Monsieur ABADIE : Il s'agit concrètement d'empêcher une commune qui n'a pas d'intérêt dans une affaire de pouvoir bloquer de manière infondée une opération.
Monsieur le Président : Oui, la loi évite un tel "mal".
Monsieur ABADIE : Oui, c'est le cas où la commune n'a pas un intérêt objectif à la réalisation d'une opération.
Monsieur le Président : Sommes-nous tous d'accord ? (Assentiment). Bien ! Lisez !
(Monsieur LATSCHA lit la partie du projet correspondante) : On peut peut-être enlever le "ne... que".
Monsieur le Président : Oui Je vais mettre aux voix cette partie de la décision.

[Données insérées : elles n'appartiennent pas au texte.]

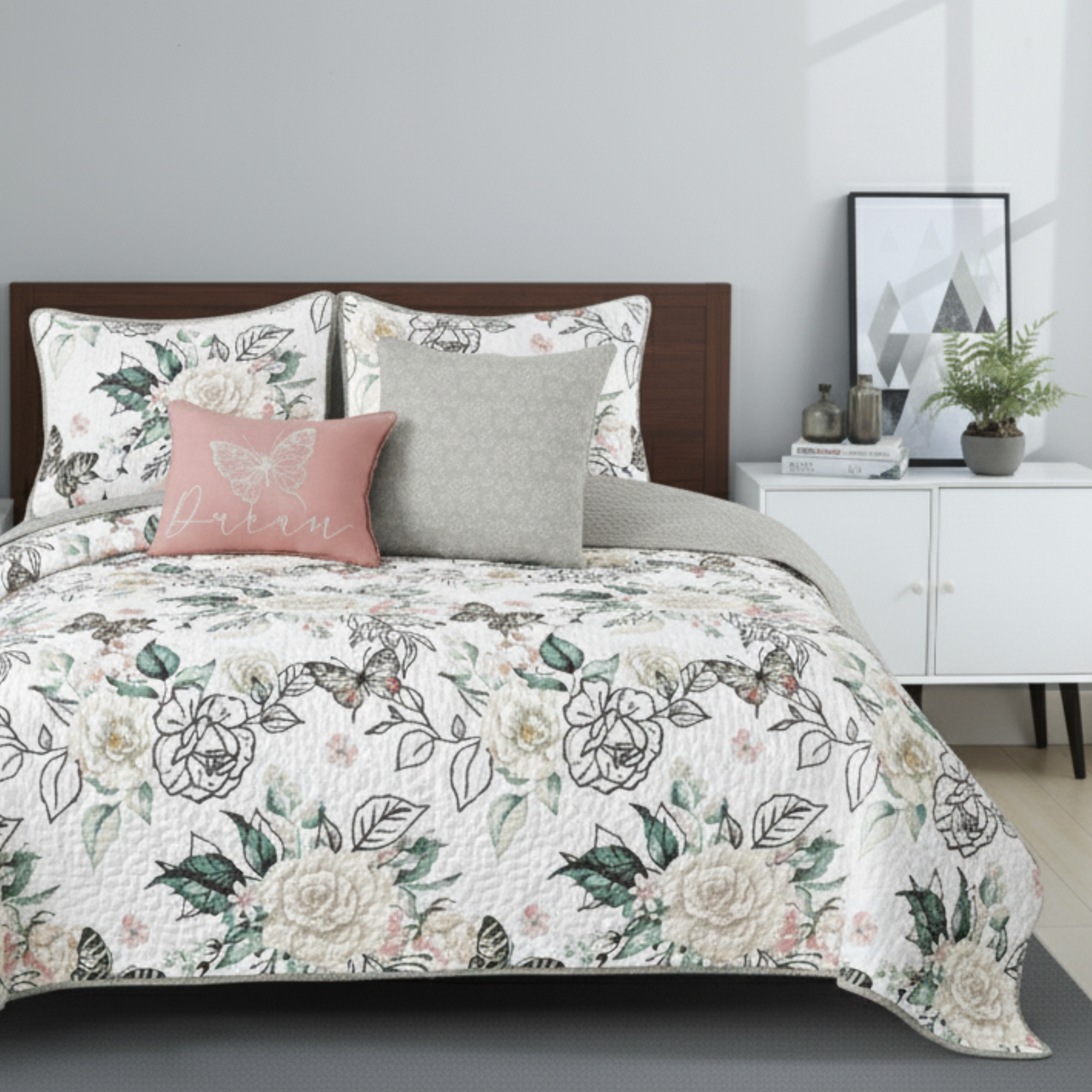Refresh your bedroom with the Quilt, featuring a stunning hand drawn design of roses and butterflies in soft watercolor hues. This lightweight, breathable quilt offers the perfect blend of modern romance and comfort for year-round use.
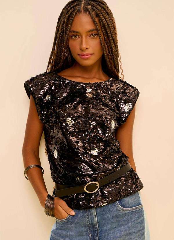 Desperte a fashionista que há em você com a Regata Zinco Ajustada Decote Careca Padrão Preto. Esta peça irresistível, feita em poliéster com toque de elastano, traz o brilho dos paetês, garantindo um visual impactante e sofisticado. Ideal para um look cheio de atitude, pode ser combinada com saias midi ou calças de alfaiataria, além de acessórios dourados para um toque extra de glamour. Parte da Coleção Aurora, é perfeita para transitar do dia para a noite, seja em um jantar especial ou em uma festa animada. Vista-se de confiança e deixe sua personalidade brilhar!
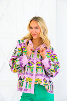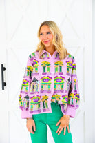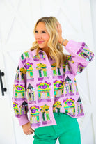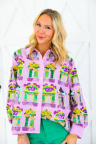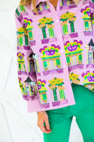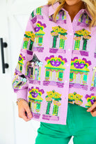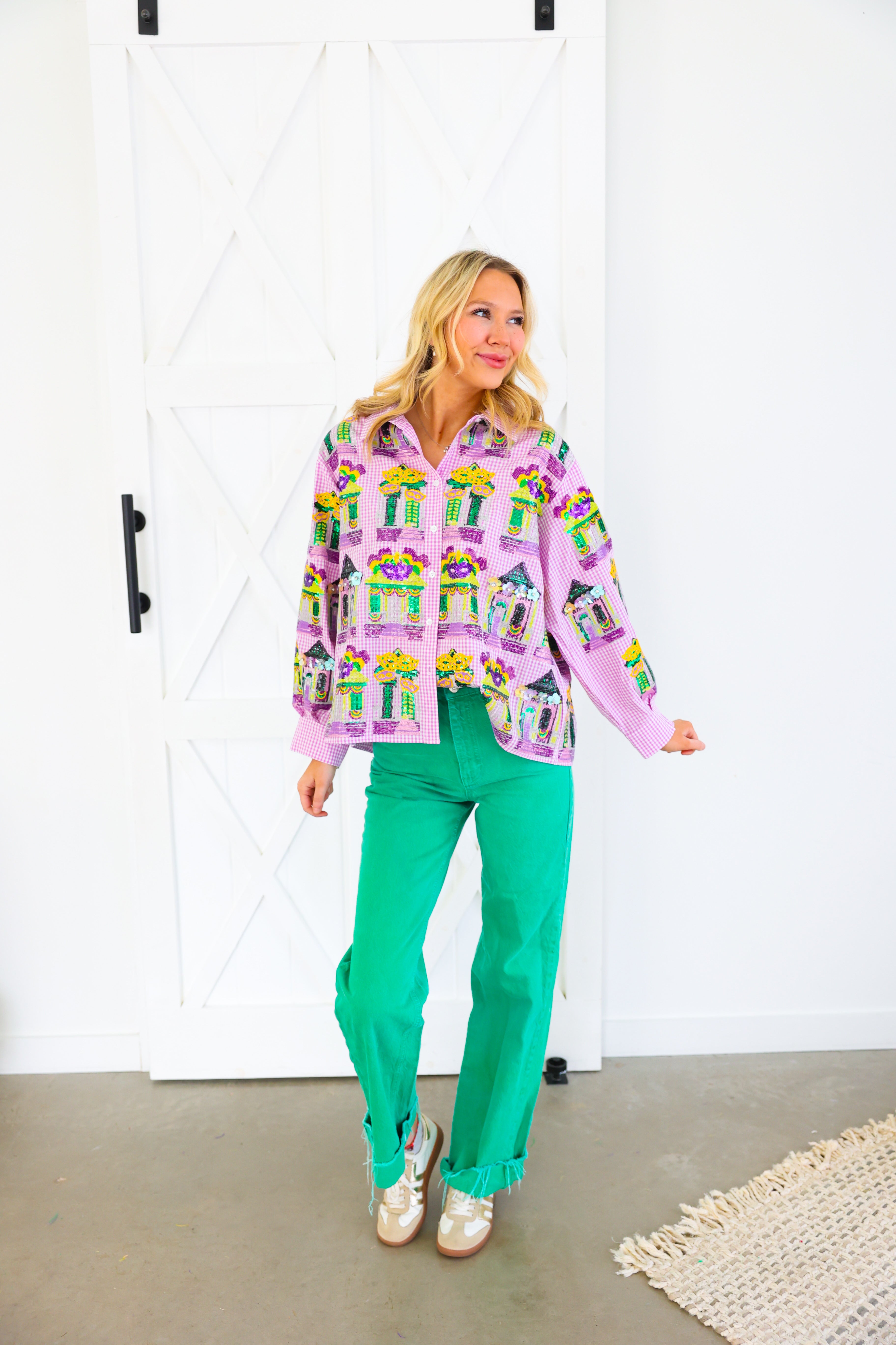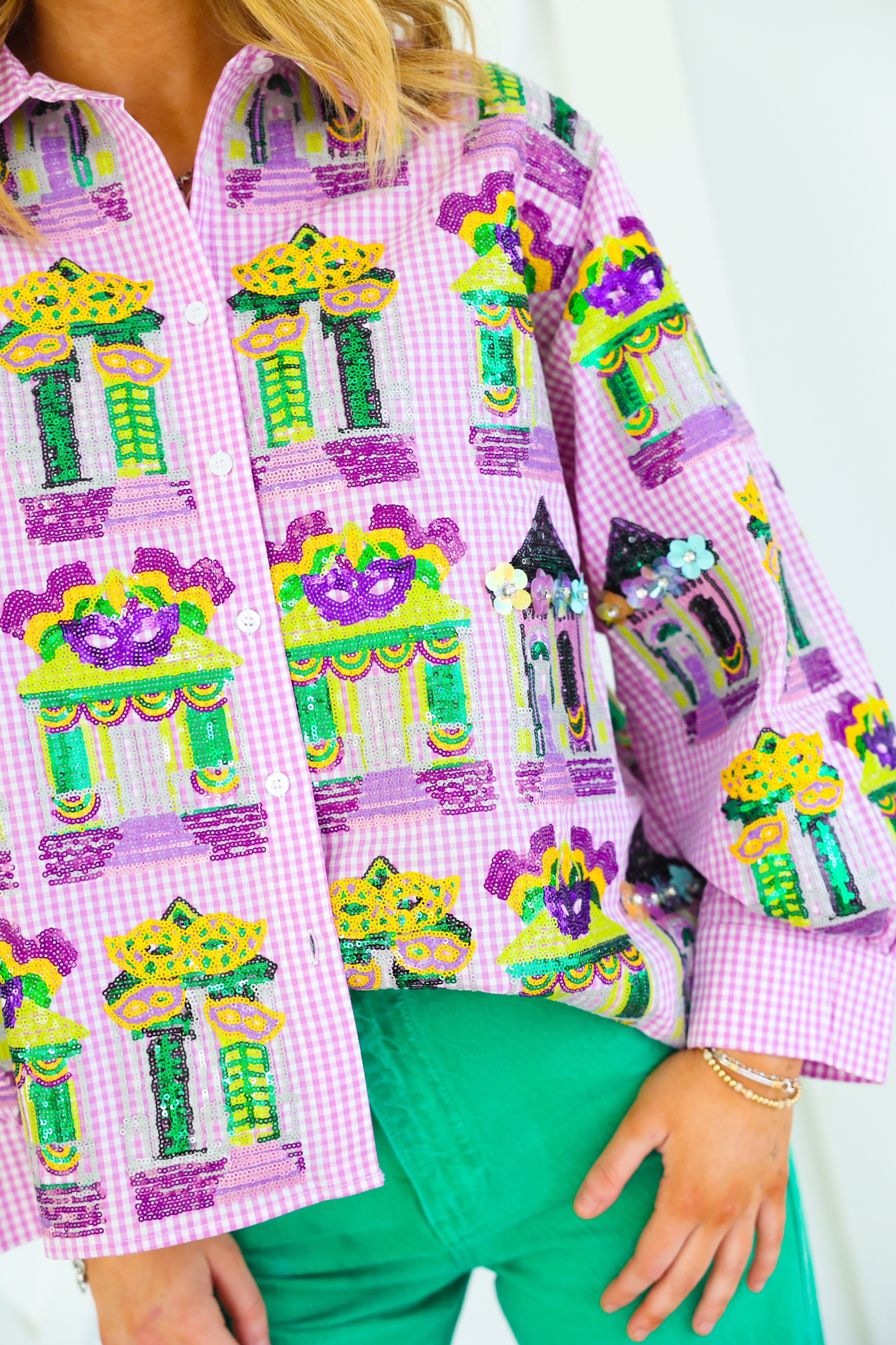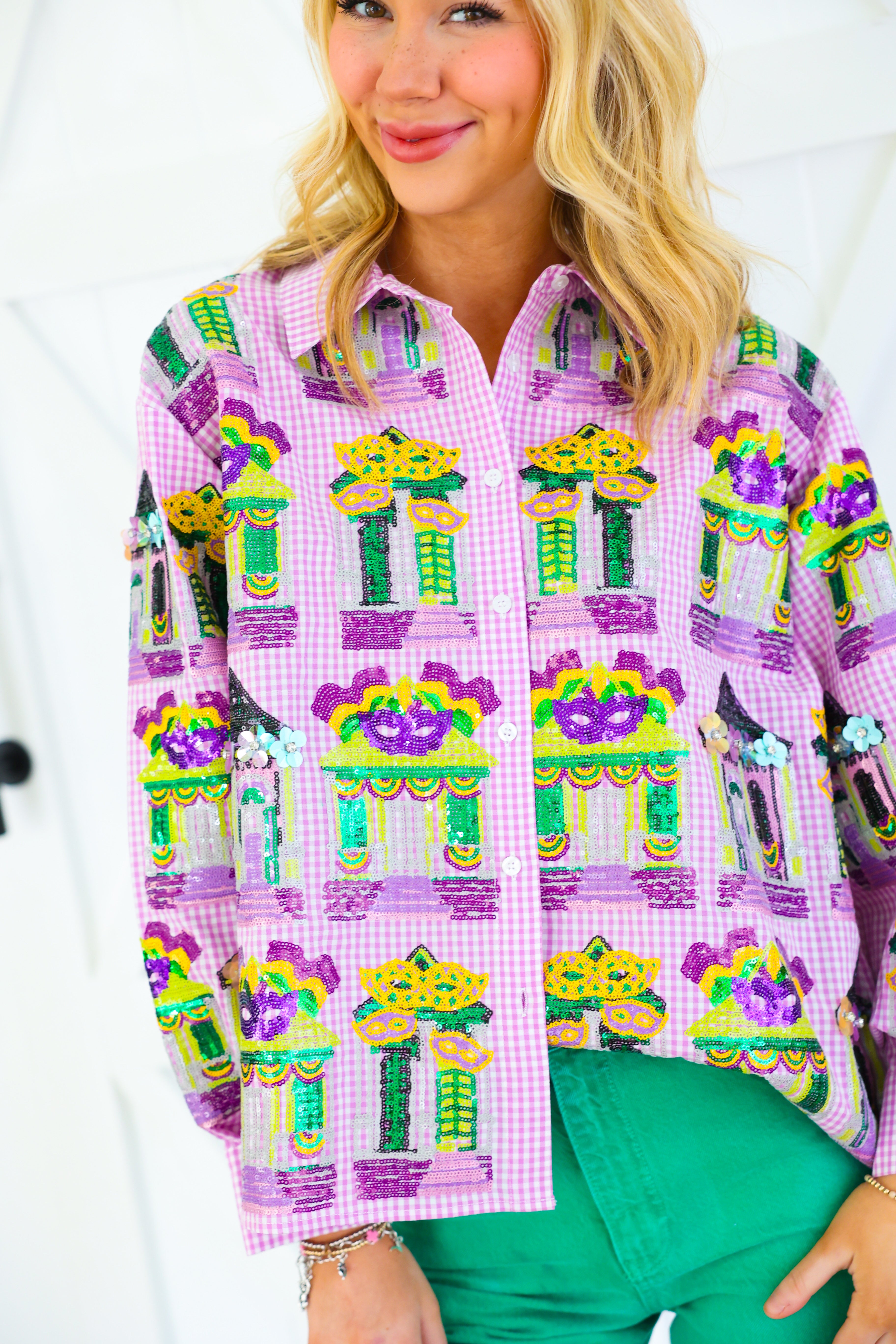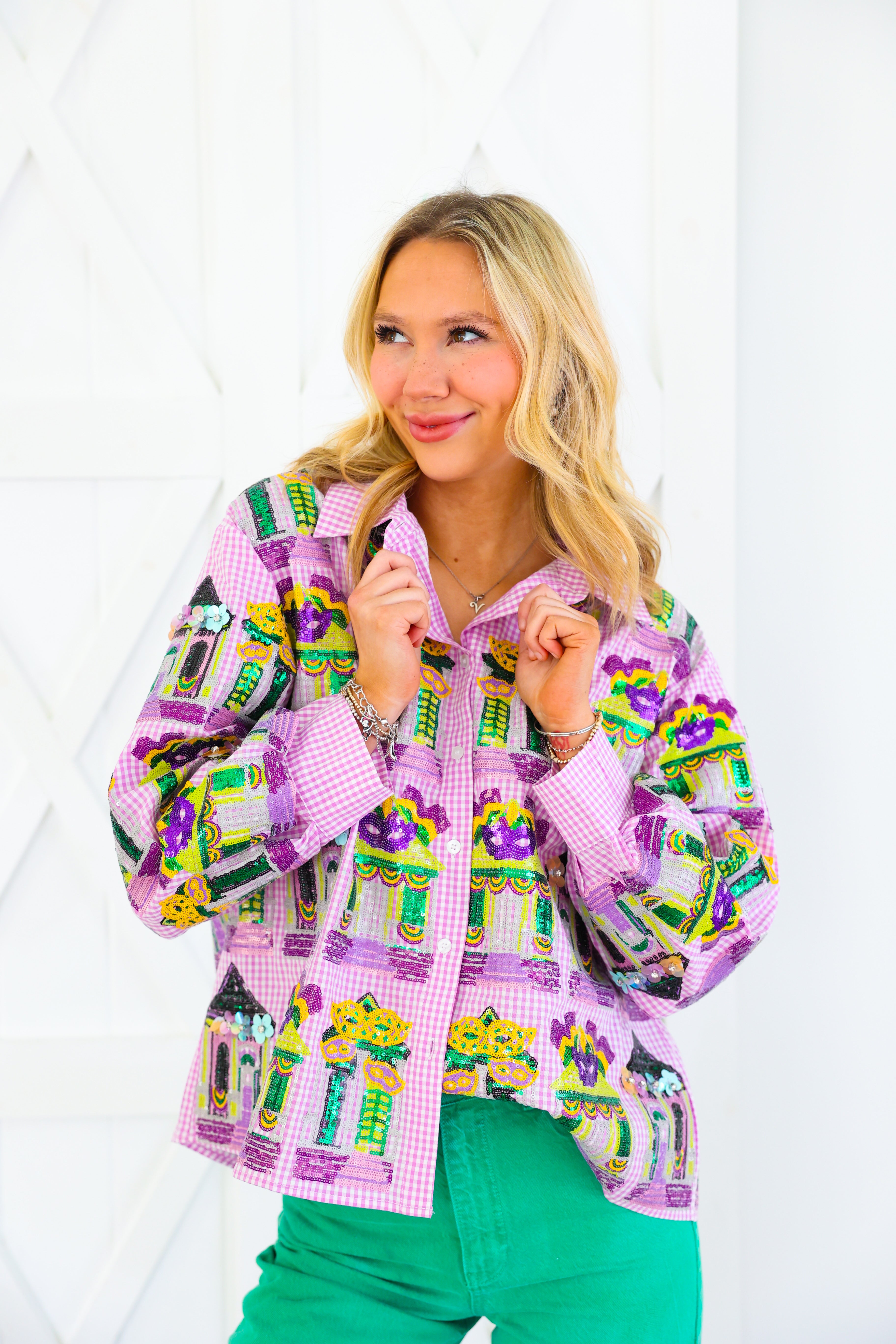 Celebrate in style with the Purple & White Gingham Mardi Gras Porches Button Up Top from Queen of Sparkles — the ultimate festive piece for parade season! This eye-catching top features vibrant, hand-sequined Mardi Gras porch designs in classic purple, green, and gold, all set against a charming gingham backdrop. Fun, playful, and unapologetically sparkly, it’s perfect for parades, parties, girls’ trips, and every event where you want to stand out. This top runs true to size and may fit slightly cropped on some body types; stay true to size or size up for added length.

(Le vote est acquis à l'unanimité).
La séance est levée à 18 h 50.
SEANCE DU 20 JANVIER 1993
Monsieur le Président : Bien, allons-y !
Monsieur LATSCHA : Je vais poursuivre mon rapport. J'ai fait demander que l'on distribue l'ensemble des textes de loi modifiés par l'article 83, avec en regard le texte applicable actuellement. L'article 83 pose en effet une question qui mérite d'être soumise à votre délibération, même si elle n'a pas été évoquée dans la requête. Cet article revient sur un principe essentiel des lois de décentralisation de 1982, l'impossibilité, pour l'autorité préfectorale, de suspendre l'exécution des actes des collectivités locales.
Son économie générale est la suivante :
- d'une part, il prolonge d'un mois, durée très limitée, introduite par la loi du 6 février 1992, à trois mois, le délai dans lequel le juge administratif, saisi d'une demande de sursis à exécution doit statuer, contrainte jugée par le gouvernement plus réaliste. Rappelons d'ailleurs que ce délai n'est qu'indicatif, le juge n'étant nullement dessaisi de la demande une fois qu'il est écoulé ;
- d'autre part, et surtout, il prévoit qu'en matière d'urbanisme, de marchés et de conventions de délégations de services publics, la demande de sursis à exécution entraîne la suspension de l'exécution de l'acte durant ce délai.
Cette disposition très importante avait été, dans son principe, et pour la seule matière de l'urbanisme, suggérée au printemps dernier par un rapport de la Section du rapport et des études du Conseil d'Etat. Et cette idée avait été reprise et généralisée par le rapport de la commission présidée par M. Bouchery. Le projet initial du Gouvernement présenté devant le Conseil d'Etat ne prévoyait, lui, qu'un délai de suspension extrêmement réduit d'un mois.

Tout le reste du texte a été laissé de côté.